Beyond compilation, the Template Engine performs static semantic checks:

  • Script call targets: Instance.CallScript() and Scripts.CallShared() targets must reference scripts that exist in the flattened configuration or shared script library.
  • Argument compatibility: Parameter count and data types at call sites must match the target script's parameter definitions.
  • Return type compatibility: If a script call's return value is used, the return type definition must match the caller's expectations.
  • Trigger operand types: Alarm triggers and script conditional triggers must reference attributes with compatible data types (e.g., Range Violation requires numeric attributes).
  • Native alarm sources (ValidationCategory.NativeAlarmSourceInvalid): SemanticValidator.Validate flags a ResolvedNativeAlarmSource when its SourceReference is empty, its ConnectionName is empty, or — when the caller supplies the alarm-capable connection set — its connection is unknown or not alarm-capable (protocol ∉ {OpcUa, MxGateway}).
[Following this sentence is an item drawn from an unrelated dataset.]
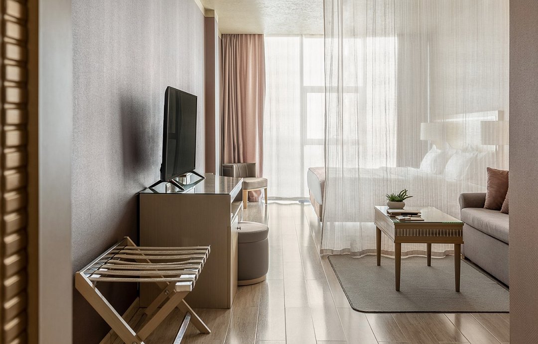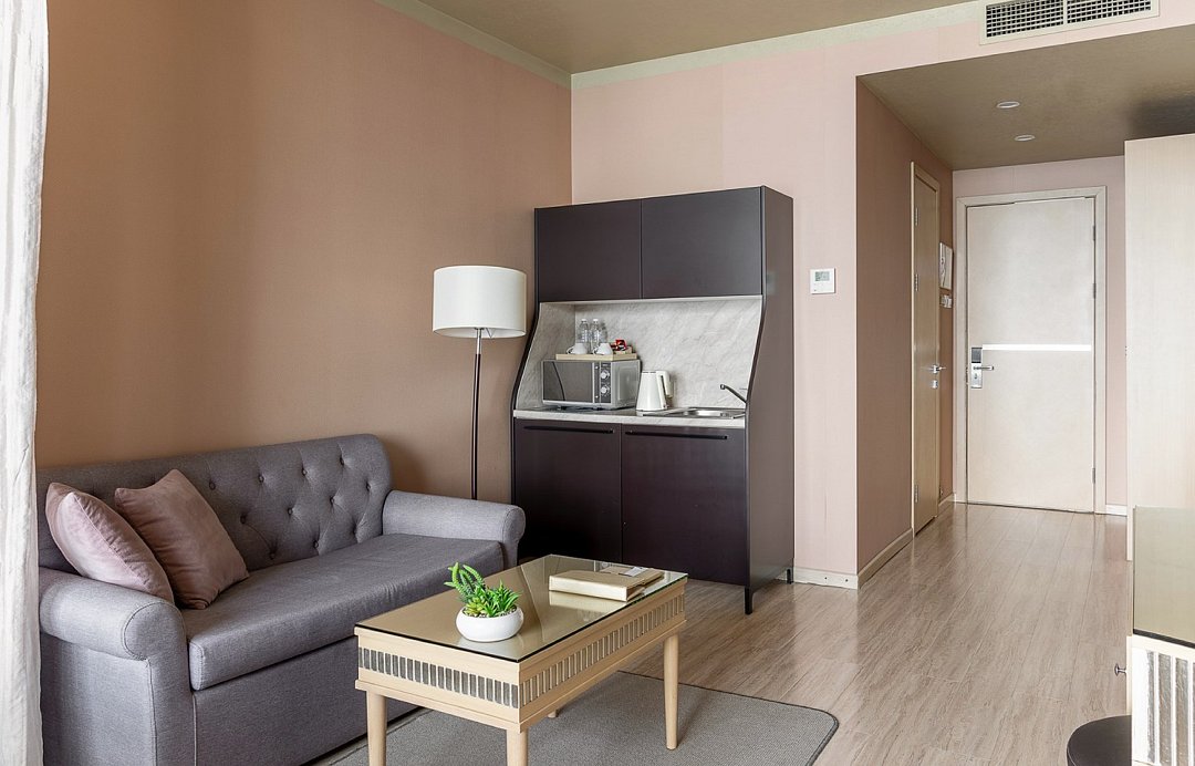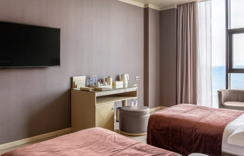В этом номере абсолютно все ориентировано на комфорт и удовольствие от пребывания. В интерьере номера гармонично сочетаются простота и изысканность. Раздельные кровати позволяют более гибко подходить к организации отдыха и обеспечивают спокойный сон. Открывающийся из панорамных окон морской пейзаж окутывает умиротворением. Кухонная зона оснащена всем необходимым — от микроволновой печи для быстрых перекусов до уютной чайной зоны. Это удобство и свобода выбора, добавляют нотку домашнего уюта. Система кондиционирования обеспечивает комфортную температуру, позволяя наслаждаться свежестью в жаркие дни и теплом в прохладные вечера.Услуги и удобства

The alarm-capable connection set is an optional, additive third parameter to Validate; the empty-field checks always run, and the connection-binding check runs only when the set is provided.

Graph Acyclicity

The Template Engine enforces that inheritance and composition graphs are acyclic:

  • A template cannot inherit from itself or from any descendant in its inheritance chain.
  • A template cannot compose itself or any ancestor/descendant that would create a circular composition.
  • These checks are performed on save.

Flattened Configuration Revision

Each flattened configuration output includes a revision hash (computed from the resolved content). This hash is used for:

  • Staleness detection: comparing the deployed revision to the current template-derived revision without a full diff.
  • Diff correlation: ensuring diffs are computed against a consistent baseline.

The override flows into the flattened attribute's DataSourceReference and therefore participates in the revision hash — changes to an instance's binding overrides re-deploy as expected.

On-Demand Validation

The same validation logic is available to Design users in the Central UI without triggering a deployment. This allows template authors to check their work for errors during authoring.

Shared Script Validation

For shared scripts, pre-compilation validation is performed before deployment. Since shared scripts have no instance context, validation is limited to C# syntax and structural correctness.

Dependencies

  • Configuration Database (MS SQL): Stores all templates, instances, areas, and their relationships.
  • Security & Auth: Enforces Design role for template authoring, Deployment role for instance management.
  • Configuration Database (via IAuditService): All template and instance changes are audit logged.

Interactions

  • Deployment Manager: Requests flattened configurations, diffs, and validation results from the Template Engine.
  • Central UI: Provides the data model for template authoring, instance management, and on-demand validation. Native alarm source CRUD (template-level definitions and instance-level overrides) is exposed via the Management Service / CLI / Central UI alongside attributes and alarms.
  • Site Runtime (#3): Consumes each ResolvedNativeAlarmSource in the flattened configuration to drive its NativeAlarmActor, which mirrors the native OPC UA A&C / MxAccess Gateway alarms identified by the resolved connection, source reference, and condition filter.
  • Transport (#24): Reads templates, attributes, alarms, scripts, and composition relationships for bundle export; writes the same via repositories during bundle import.